Entries shown:
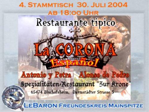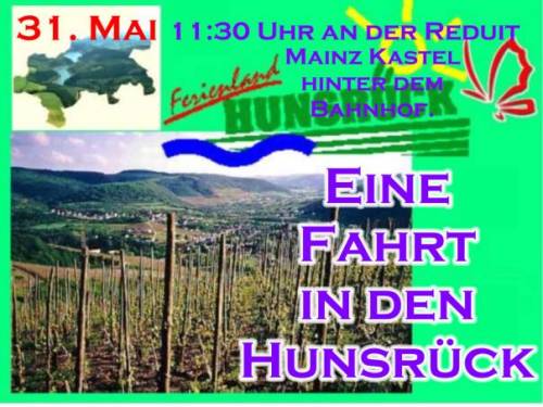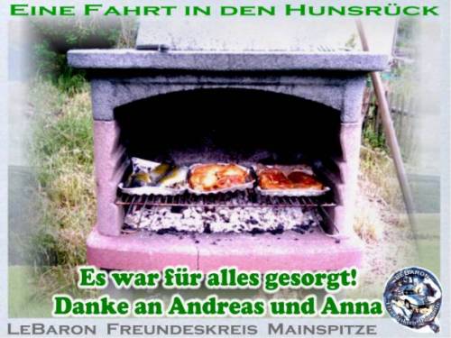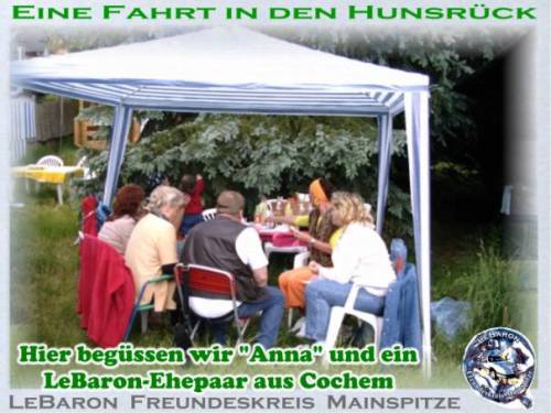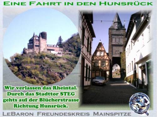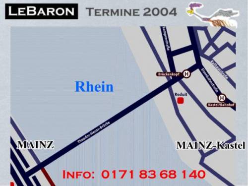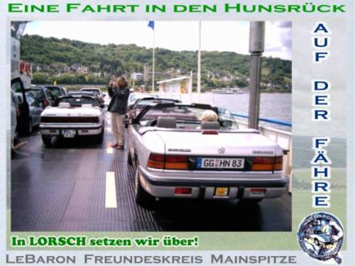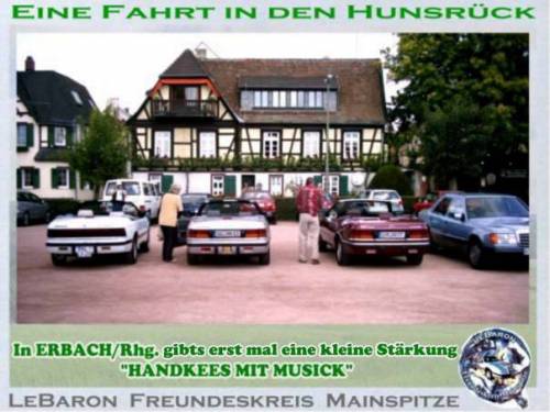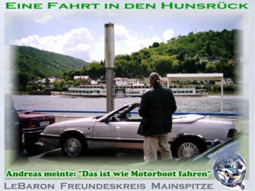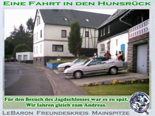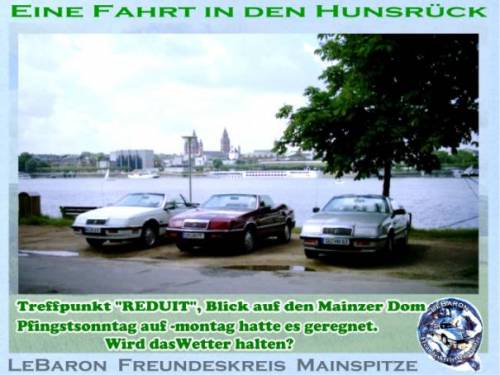Wir treffen uns am Pfingstmontag in Mainz-Kastel. 11:30 an der Reduit, das ist die alte Festung hinter dem Kasteler Bahnhof. Man kann vom Brueckenkopf der Rheinbruecke Richtung Schierstein - Wiesbaden fahren. Gleich links einordnen und dem Pfeil mit der Aufschrift Reduit folgen, oder links vom Bahnhof ueber den beschrankten Bahnuebergang. Es geht den Rhein entlang bis Erbach, kurze Rast. Weiter Richtung Ruedesheim, irgendwo mit der Faehre auf die linke Rheinseite bis Bacharach. Rast. Durch das Stadttor Steg durch die Hohle Gasse Richtung Hunsrueck. Besuch des Jagdschlosses Pleizenhausen. Anschliessend besuchen wir den Andreas in Pleizenhausen. Fuer ein Grill-Essen ist gesorgt. Auskunft: saxophonotto@compuserve.de Beste Gruesse Otto Nachtrag: Das Wetter hat bis in den Hunsrueck gehalten. Nach einem kurzen Regenguss konnten wir aber auf trockener Autobahn nach Hause fahren. Wir hatten auf Steffen aus Bad Duerkheim gewartet. Steffen von hier aus die besten Gruesse. Das naechste mal wirds wohl klappen. Ein schoener Tag wars. Diese kleinen Treffen helfen sich besser kennenzulernen. Es entstehen Freundschaften auf die man nicht verzichten sollte. Nochmals Dank, Andreas und Anna und Gruss an Euere Nachbarschaft. LeBaron Freundeskreis Mainspitze. KEIN KLUB - NUR SPASS Otto
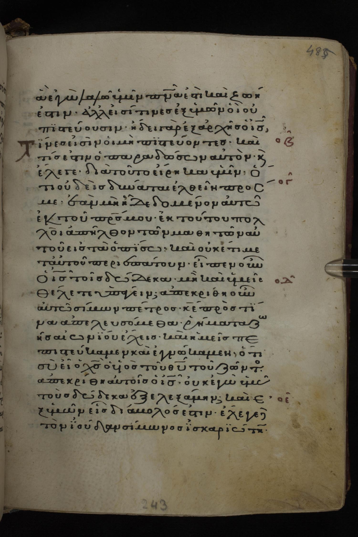 Twelfth century minuscule of the Gospels on parchment; 285 leaves, 1 column, 21-23 lines per column. Images were taken at the National Library of Greece in Athens.
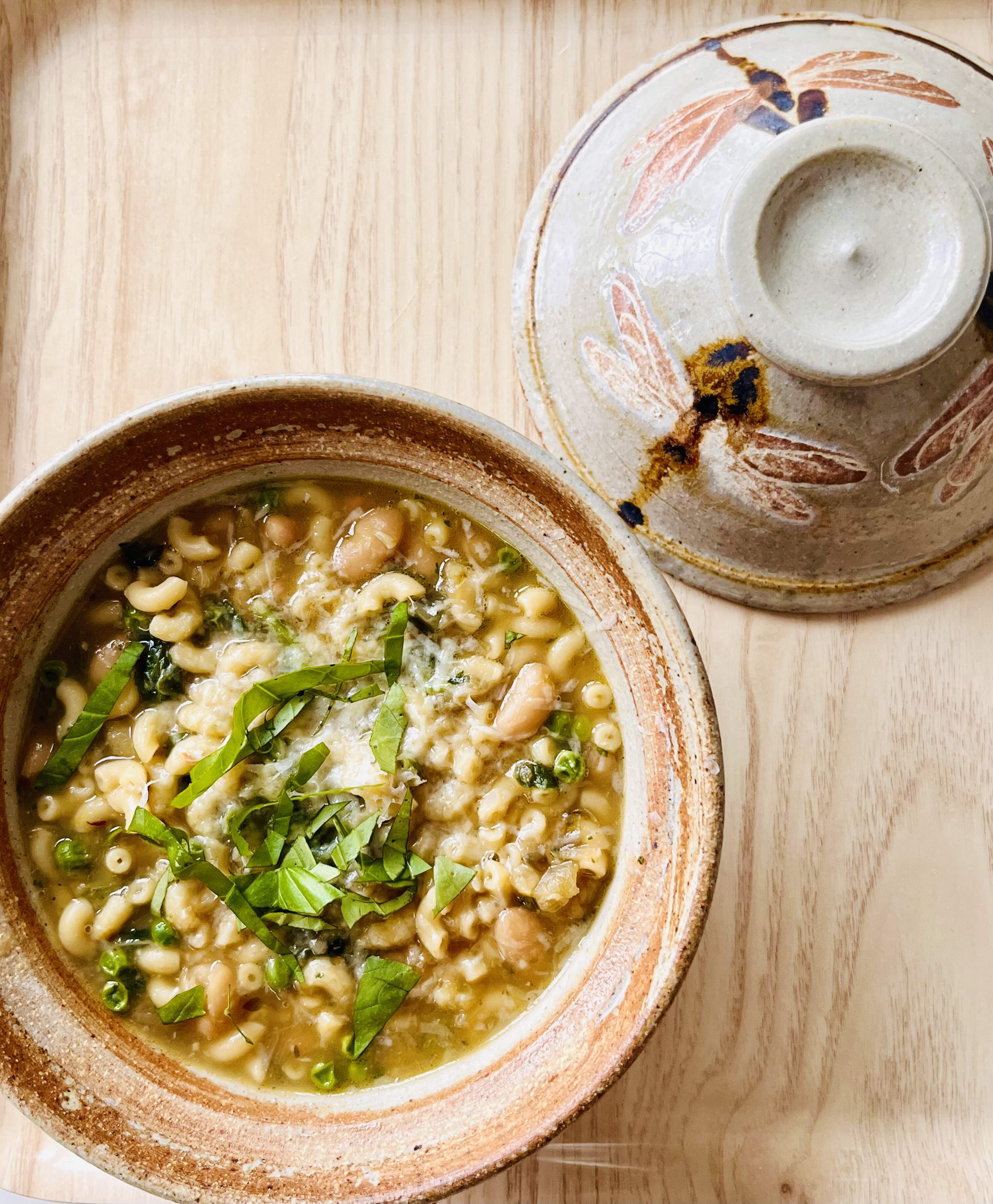 Soup, glorious soup! So nice on a snowy day, bean, peas, spinach, elbows, Parmesan and basil.
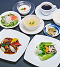 ○メイン料理二品○本日のスープ○サラダ○ザーサイ○デザート○コーヒーorソフトドリンク
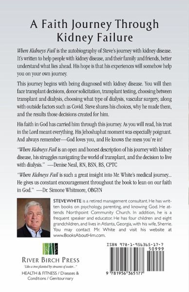 A Faith Journey Through Kidney Failure When Kidneys Fail is the autobiography of Steve's journey with kidney disease. It's written to help people with kidney disease, and their family and friends, better understand what lies ahead. His hope is that his experiences will somehow help you on your own journey. This journey begins with being diagnosed with kidney disease. You will then face transplant decisions, donor solicitation, transplant testing, choosing between transplant and dialysis, choosing what type of dialysis, vascular surgery, along with outside factors such as Covid. Steve shares his choices, why he made them, and the results those decisions created for him. His faith in God has carried him through this journey. As you will read, his trust in the Lord meant everything. His Jehoshaphat moment was especially poignant. And always remember-God loves you, and He knows the mess you're in! "When Kidneys Fail is an open and honest description of his journey with kidney disease, his struggles navigating the world of transplant, and the decision to live with dialysis." -Denise Neal, RN, BSN, BS, CPTC "When Kidneys Fail is such a great insight into Mr. White's medical journey... He gives us constant encouragement throughout the book to lean on our faith in God." -Dr. Simone Whitmore, OBGYN
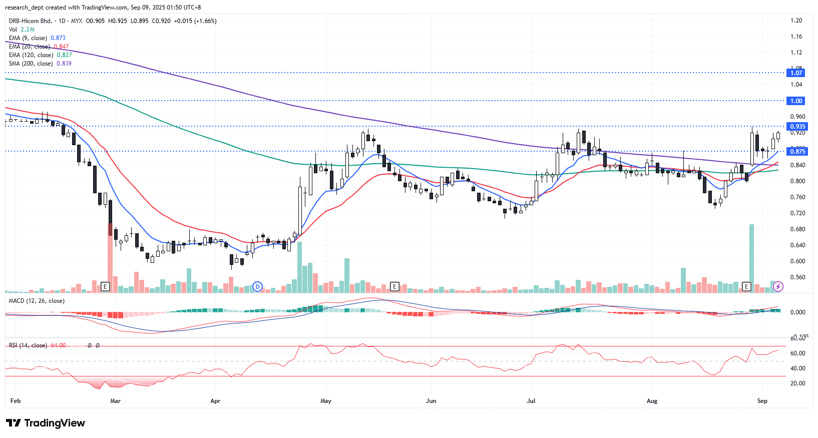 The counter retraced from its early-year peak before bottoming in April. It subsequently recovered the bulk of its losses and completing a double-bottom formation. Fresh momentum has brought the stock back to re-test the RM0.935 resistance level. A decisive breakout above this threshold would validate further bullish momentum, opening scope for an advance toward RM1.00-RM1.07. Immediate support is situated at RM0.875.
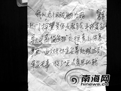 楊警官要求蔡某寫下一張收條,蔡某當(dāng)場寫道:我以老鄉(xiāng)朋友身份為楊警官上門探望受傷女服務(wù)員,并找其領(lǐng)導(dǎo)上司商談妥協(xié)處理意外傷害事宜,由雙方協(xié)定妥善處理達(dá)到平安無事,收了一點(diǎn)小意思的錢。
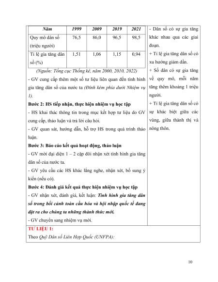 - Bảng số liệu, thông tin, tư liệu do GV sưu tầm về nội dung bài học Dân cư và dân

Task to carry out:
Everything between and including the line above containing "Twelfth century minuscule" and the line containing "Soup, glorious soup!" should be reproduced exactly, with pictures excluded.

Solution for this problem:
 Twelfth century minuscule of the Gospels on parchment; 285 leaves, 1 column, 21-23 lines per column. Images were taken at the National Library of Greece in Athens.
 Soup, glorious soup! So nice on a snowy day, bean, peas, spinach, elbows, Parmesan and basil.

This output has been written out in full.